Over flat, even ground all powered vehicles are stable. However, a user with a lower limb amputation, especially a high level or double amputation, should choose carefully because the lack of weight at the front may affect the centre of gravity and could cause the vehicle to tip backwards especially when climbing kerbs. Check with the manufacturers about weighting the front end. Stability can also be decreased if your wheelchair backrest is reclined or your wheelchair seat tilts backwards (tilt-in-space).


Powered vehicles allow the user to travel quite long distances without too much personal effort. Although many vehicles have a good distance/range per battery charge - some even travelling up to 30 to 40km (25 miles) - to cover these distances more travelling time is required. Powered vehicles are not replacements for cars. It could take a minimum of four hours to cover 25km (16 miles) in a pavement-only vehicle.


Although most manufacturers claim that their powered wheelchairs can be dismantled and folded for transporting, it is not something that can be done easily and should only be undertaken in emergencies or occasionally (e.g. when travelling on holiday). Bear in mind that if you transport the wheelchair somewhere and then bring it back again, this will involve lifting the components at least four times, assembling and disassembling them. It is not a task that can usually be undertaken by wheelchair users themselves because it requires flexibility (to reach catches, plugs etc); strength (to lift the component parts); and standing/walking stability.
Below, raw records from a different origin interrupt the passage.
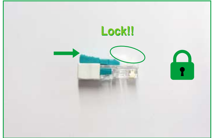
■ ロック状態です。キーロックによりラッチ (爪) 部分が押せなくなり、LAN ポートをしっかり保護します。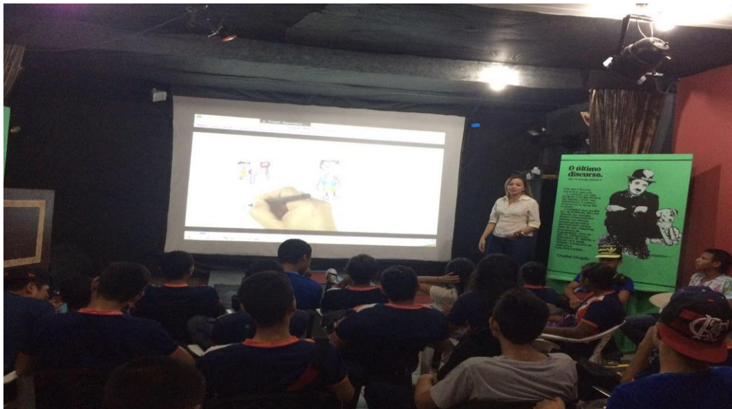
Foto: Angélica Gonçalves, assistente social da ONG “Só Direitos”.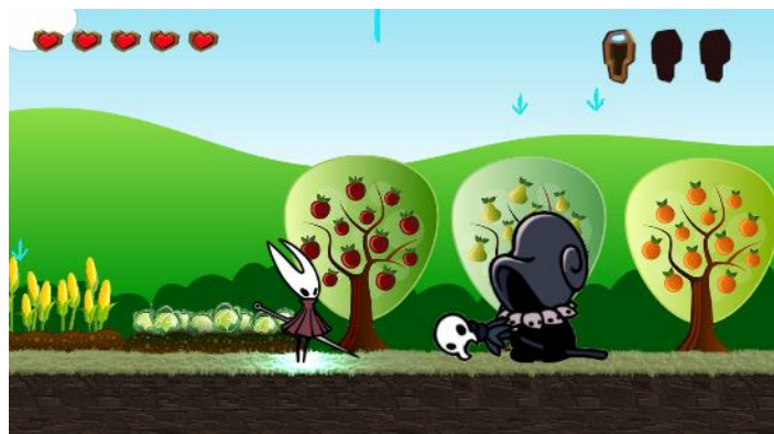
Figura 2: Personagens do jogo didático digital Biocycle Adventure (à direita o personagem principal e à esquerda o mestre de perguntas).

Ademais foi implementado um quiz de perguntas e respostas, criando funcionalidades responsáveis por guardar as perguntas e escolhê-las de forma aleatória, sendo o personagem mestre das perguntas responsável por analisar se a resposta está correta (Figura 2).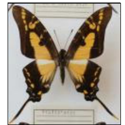
アゲハチョウ科 キイロオナガタイマイ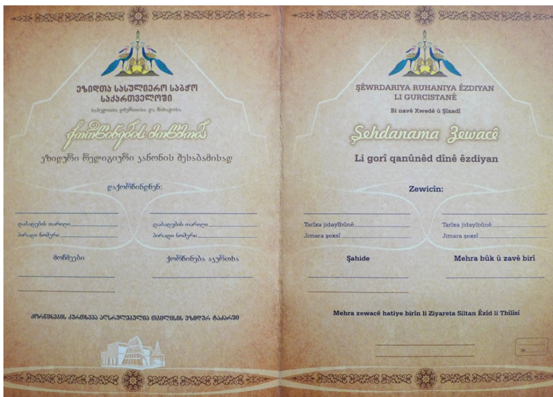
Wydawany przez DJWG formularz aktu zawarcia związku małżeńskiego.

Nie mamy takich danych. Ludzie, którzy to robią, stopniowo odchodzą. Rzadko kto zostaje, asymilują się.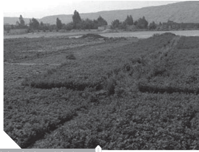
الصرف الصحي يفرق غرب طهطا.. والطرق متهاكة وتنتظر التطوير

أهالي القرية أو عن طريق انتزاعها لإقامة محطات الرفع عليها.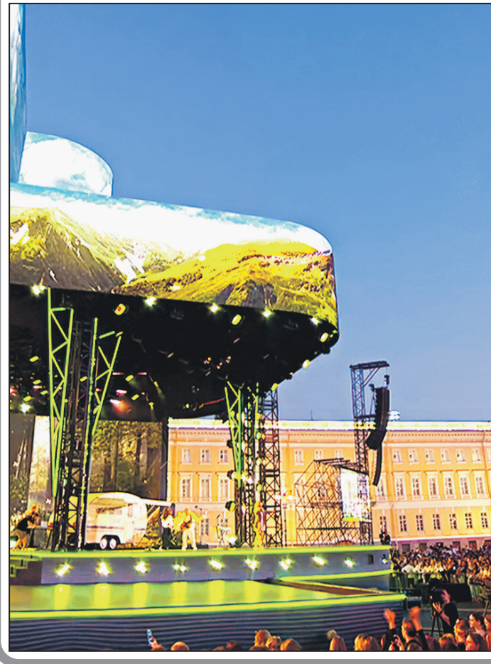
Материал подготовлен пресс-службой Пятого канала

Праздник «Алые паруса» был возрожден после многолетнего перерыва в 2005 году по инициативе Акционерного Банка «Россия», правительства Санкт-Петербурга и Пятого канала. Впервые он состоялся 27 июня 1968 года. Идея его появления в Ленинграде в конце 60-х была навеяна романтикой и невероятной популярностью фильма «Алые паруса» по одноименной повести Александра Грина.

Most powered wheelchairs have a folding frame that can be folded once the batteries have been removed. Wheelchairs tend to have two 12 volt batteries each weighing approximately 10kg. A few wheelchairs can also have detachable motors. The frame itself will not fold down as compactly as the frame of a manual wheelchair and will be heavier to lift. The wheelchair supplier will be able to tell you how much each component part weighs; the heaviest component can be from about 12kg to 35kg. Remember that a bag of sugar weighs only 1kg.

If you do need to transport your wheelchair on a regular basis a few solutions will avoid the need to lift it. If you have an estate car, and the backrest of your wheelchair folds down, an assistant may be able to drive the wheelchair, unoccupied, into the back of the car via ramps. Also wheelchair hoists can be fitted to the back of a car to lift component parts or the whole vehicle into a car; or a wheelchair can be transported on a rack or trailer.
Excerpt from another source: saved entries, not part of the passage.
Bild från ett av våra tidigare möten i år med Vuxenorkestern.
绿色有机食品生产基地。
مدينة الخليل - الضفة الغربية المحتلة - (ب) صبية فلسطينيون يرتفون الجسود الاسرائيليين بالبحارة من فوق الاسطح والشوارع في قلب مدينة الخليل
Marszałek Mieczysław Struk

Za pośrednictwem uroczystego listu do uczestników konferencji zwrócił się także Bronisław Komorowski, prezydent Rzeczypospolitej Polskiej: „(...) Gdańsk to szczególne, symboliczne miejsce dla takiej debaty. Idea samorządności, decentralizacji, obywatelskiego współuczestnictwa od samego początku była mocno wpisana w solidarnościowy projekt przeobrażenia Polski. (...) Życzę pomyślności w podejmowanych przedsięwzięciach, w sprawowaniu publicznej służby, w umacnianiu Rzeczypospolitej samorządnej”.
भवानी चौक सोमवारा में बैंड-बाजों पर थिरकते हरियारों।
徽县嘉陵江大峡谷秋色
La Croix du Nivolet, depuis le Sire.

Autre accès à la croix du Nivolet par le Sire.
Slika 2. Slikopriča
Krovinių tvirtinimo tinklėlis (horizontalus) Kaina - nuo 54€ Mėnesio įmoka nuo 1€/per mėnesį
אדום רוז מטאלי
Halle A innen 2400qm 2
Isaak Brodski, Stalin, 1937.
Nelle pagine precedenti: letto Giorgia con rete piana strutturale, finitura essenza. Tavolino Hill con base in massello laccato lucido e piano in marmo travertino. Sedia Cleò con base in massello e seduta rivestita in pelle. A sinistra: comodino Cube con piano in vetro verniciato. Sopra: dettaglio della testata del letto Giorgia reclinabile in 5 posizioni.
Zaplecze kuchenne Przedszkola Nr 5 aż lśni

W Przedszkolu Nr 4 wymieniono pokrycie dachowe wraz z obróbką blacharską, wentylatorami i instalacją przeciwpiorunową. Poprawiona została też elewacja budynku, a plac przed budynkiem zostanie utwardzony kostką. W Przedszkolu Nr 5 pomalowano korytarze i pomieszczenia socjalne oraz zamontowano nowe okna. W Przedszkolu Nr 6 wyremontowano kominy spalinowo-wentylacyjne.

Powered wheelchairs with dual or attendant control enable someone else to control the wheelchair from the back. Controls are sited on the right or left pushing handle of the wheelchair to suit the requirements of the assistant. Dual controls not only enable users to be independent when they want to be, but also make it possible for someone else to help when the need arises.

The comfort and mobility needs of the wheelchair occupant are of paramount importance, but if the assistant has to undertake routine maintenance, such as pumping up tyres and putting the wheelchair on charge, and dismantling and assembling the wheelchair then he/she must be involved in the selection process to make sure the tasks required are manageable.



A rigid frame is stronger than a folding frame but may make transporting the wheelchair more difficult. A folding frame generally operates once the wheelchair batteries have been removed.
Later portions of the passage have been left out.